Moral Phenomena - Volume 1 by Nicolai Hartmann

Moral Phenomena - Volume 1 by Nicolai Hartmann

Author:Nicolai Hartmann
Language: eng
Format: epub
Tags: -
Publisher: Taylor & Francis Group
Published: 2017-06-21T16:00:00+00:00


(c) FORMALISM AND APRIORISM

The definitive view is this: The two contrasted pairs “formal-material” and “a priori-a posteriori” have nothing to do with each other.2 Not everything aprioristic is formal, nor is everything material aposterioristic. The aprioristic is indeed always universally valid, the aposterioristic is not. But universality as such is not something formal. Within the aprioristic—for example, within the system of geometry—there are laws of greater or less range of validity. And the more general, as compared with the more special, are always formal. The more special in comparison are material. This only means that the more special always has the greater richness of content. But all propositions here are in the same way “aprioristic,” without distinction as to the richness of content and the range of universality.

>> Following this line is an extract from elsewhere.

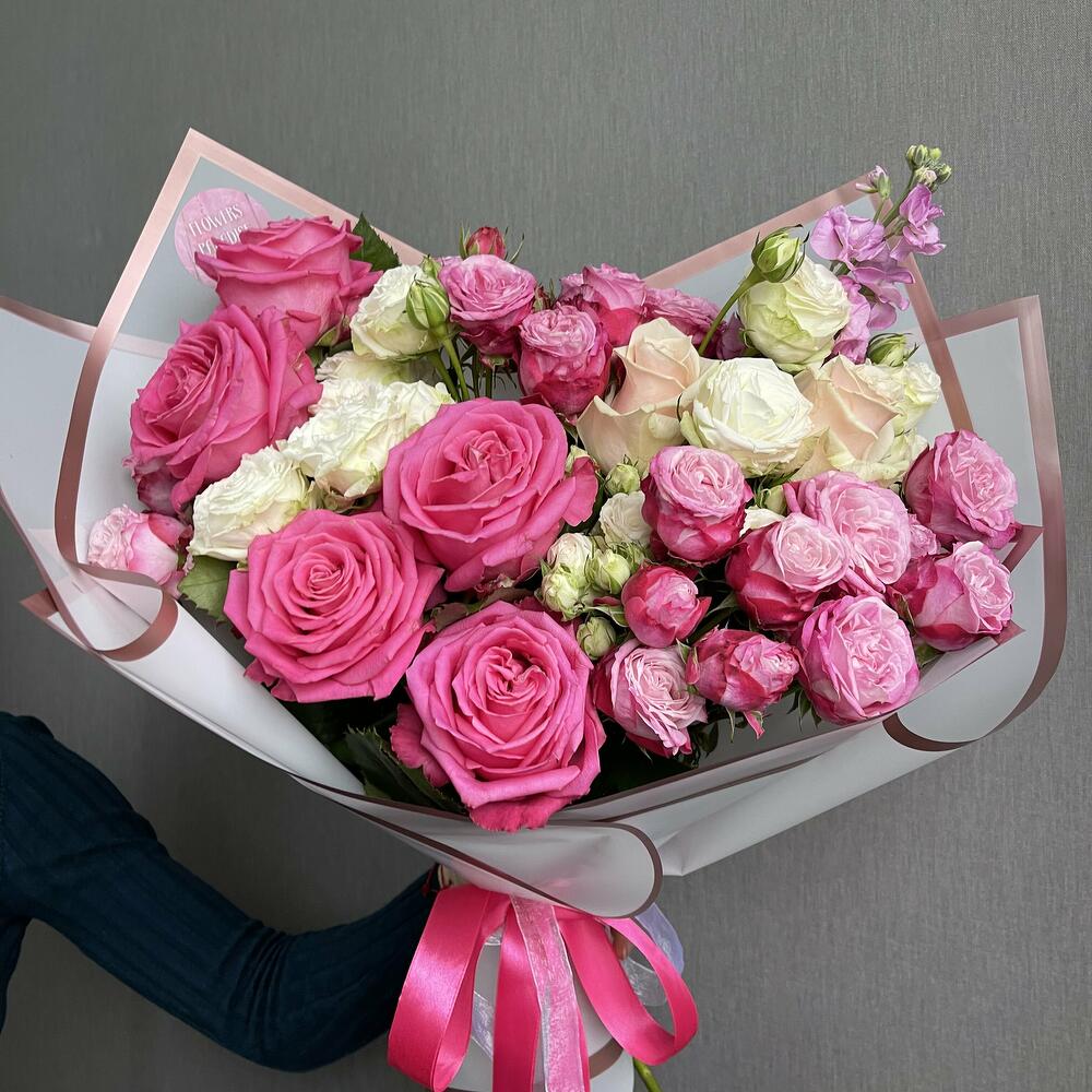 Букет микс из кустовой и одноголовой розы

Hence for ethics it follows: A principle, like the moral law, or a commandment in general, even a standard, can very well have “matter,” without any prejudice to its apriority. A “materially determined will” does not need, as Kant thought, to be determined empirically. The impulsion which sets it in motion need not be from without. Material determination is not naturalistic determination. It does not necessarily spring from general existential laws, it does not imply any causal dependency. It does not degrade the human will into a “natural entity.” For its origin can be perfectly autonomous, its objectivity purely aprioristic.

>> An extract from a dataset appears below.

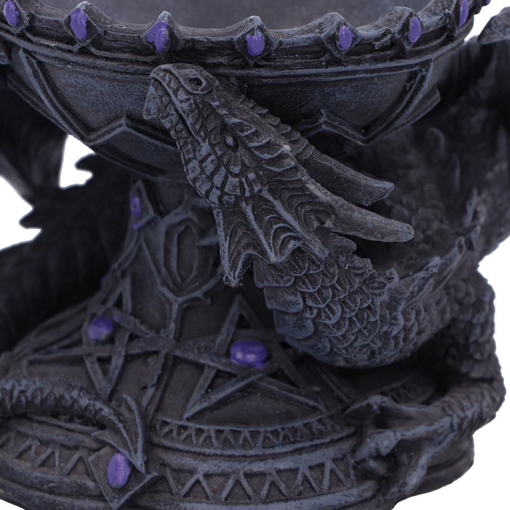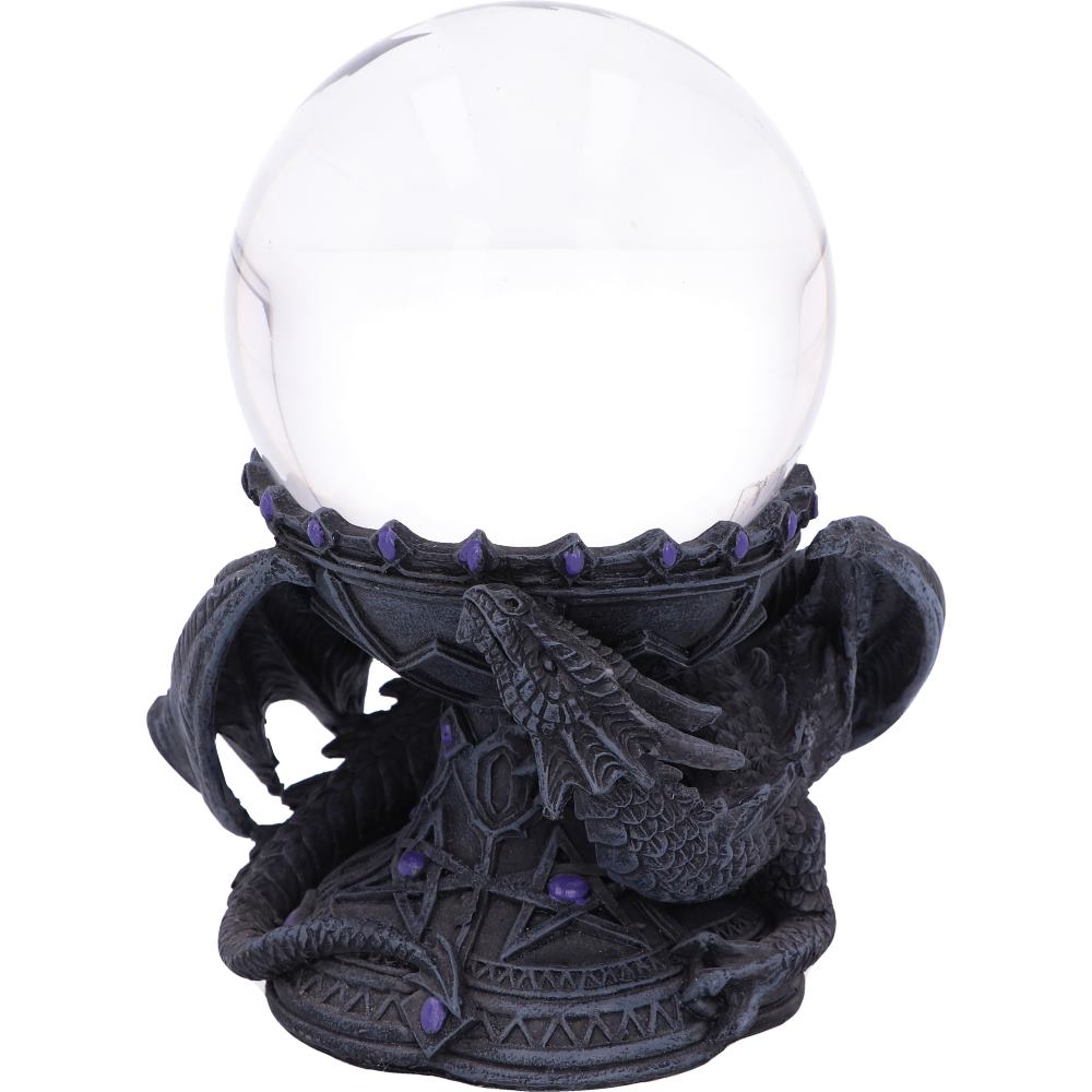 From the enchanted imagination of internationally renowned Gothic and Fantasy artist Anne Stokes, this exquisite beauty crystal ball holder is completely beautiful! It is home to a black Dragon who curves around the base, keeping watch over his crystal hoard, With raised pentagrams rising from beneath him, this piece has a real traditional Gothic feel. Each pentagram and small diamond decoration features a small purple stone, breaking up the dark colour of the holder. Cast in the finest resin before being carefully hand-painted, this piece is perfect for any lover of Gothic beauty.

What was valuable in the Kantian doctrine, the rejection of ethical empiricism and heteronomy, the discarding of casuistry and of the prescription of special ends, the claim of strict universality of principle and its validity, not as an end but as the standard for the will in relation to its moral quality—all this can be completely retained and carried out without accepting the “formal” character of the principle. If the matter of the principle itself is purely aprioristic, if it does not emanate from goods which are given and desired or from the concrete tendency of a natural instinct, the entire series of requirements is no less fulfilled in it than if its principle were of a purely formal character. In other words, the distinction between form and matter has no bearing upon an autonomous ethical principle. It is only a question of apriority.

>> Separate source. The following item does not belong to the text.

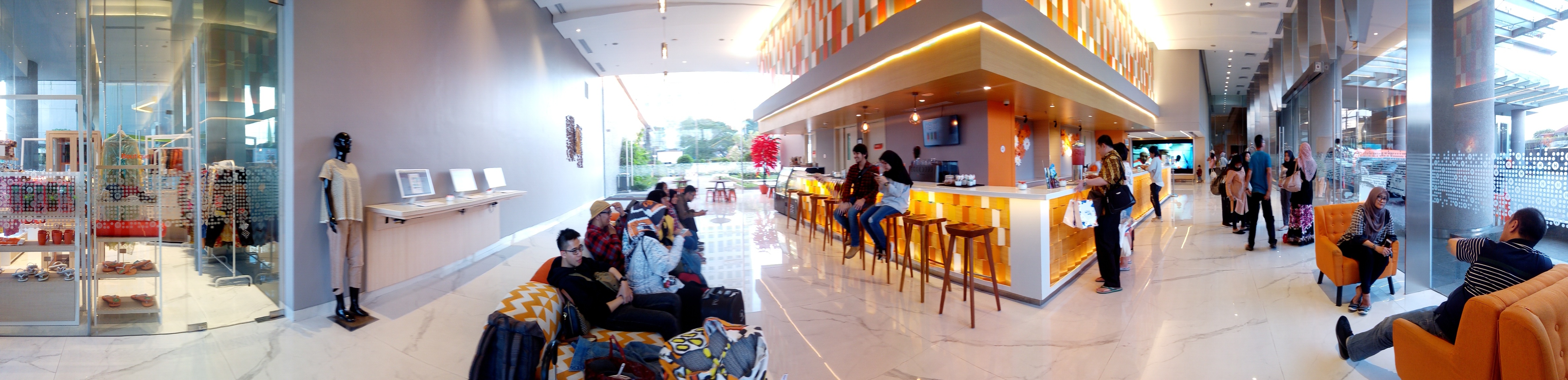 Lobinya luaaasss. Aplikasi dinding kaca dari kedua sisinya membuat lobi HARRIS Hotel Solo berlimpah cahaya alami. Lantainya tampil elegan berkat aplikasi material marmer. Front desk bar-nya dibuat 2 sisi, dilapisi aksen warna oranye dengan motif geometri untuk sentuhan segar dan artistik. Beberapa kursi bar dijejerkan di salah satu sisi meja sebagai tempat tamu duduk bersantai. Ada welcome drink yang bebas dinikmati di front desk, sementara di sampingnya tersedia semacam bakery kecil yang menjual beberapa macam kue dengan harga Rp20.000-an. Agak mahal untuk ukuran Solo, tapi kalo kamu tinggal di Jakarta atau Bandung dan lagi mager maksimal, harga tersebut masih dirasa layak lah.
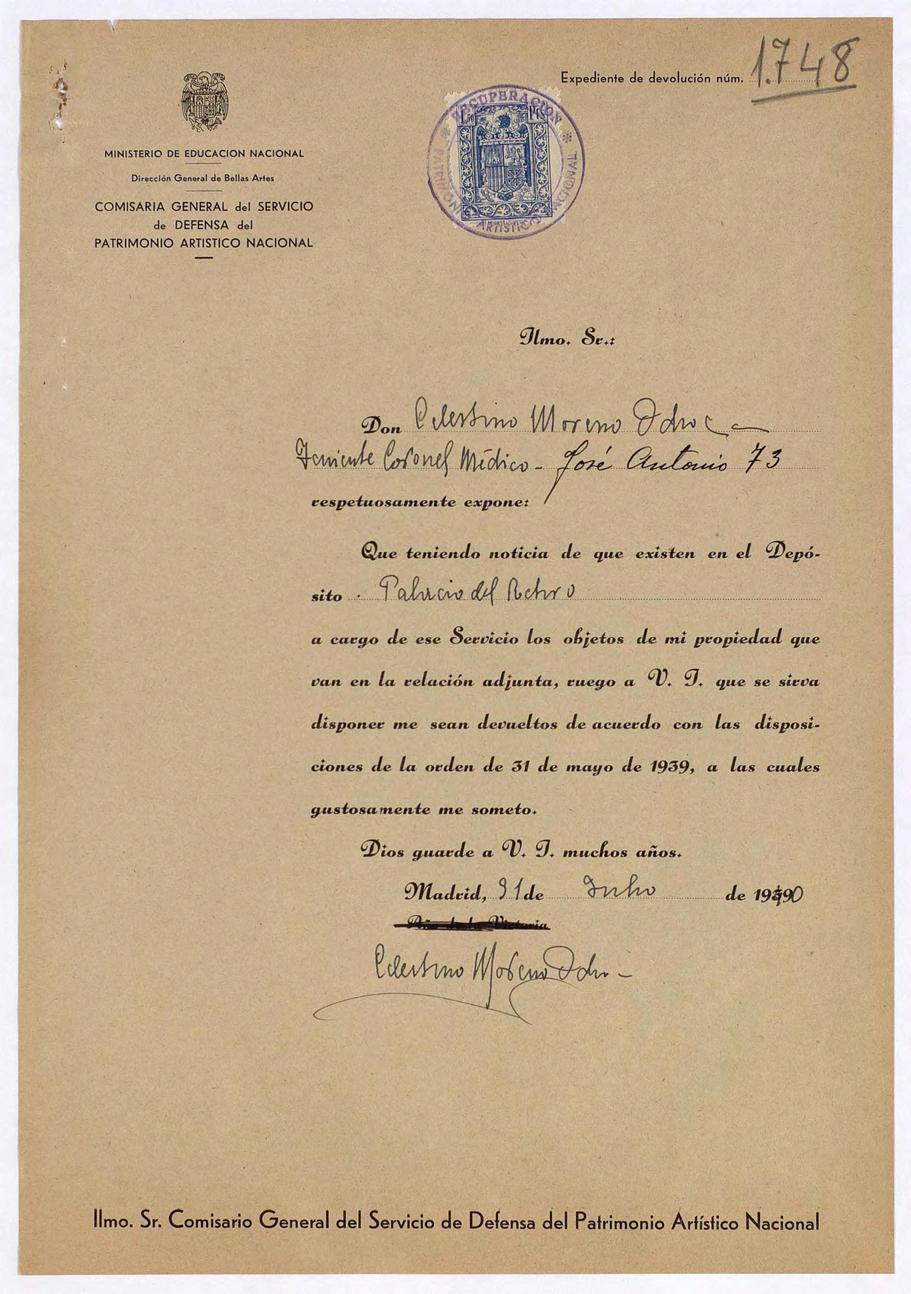 Expediente de devolución de Celestino Moreno Ochoa

In positive terms: Values may be as formal or material as they please, only they must be something self-dependent, they must be independent of all extraneous principles, and the valuational consciousness in regard to them must be aprioristic. If by the aprioristic we do not understand a function, but only the specific way of knowing something objective which, as such, can be as well understood as mistaken, there is no sort of difficulty in regard to the material content of values. In the problem of the apriorical it is subjectivism which favours ethical formalism. If we remove the subjectivism, the formalism loses its underpinning.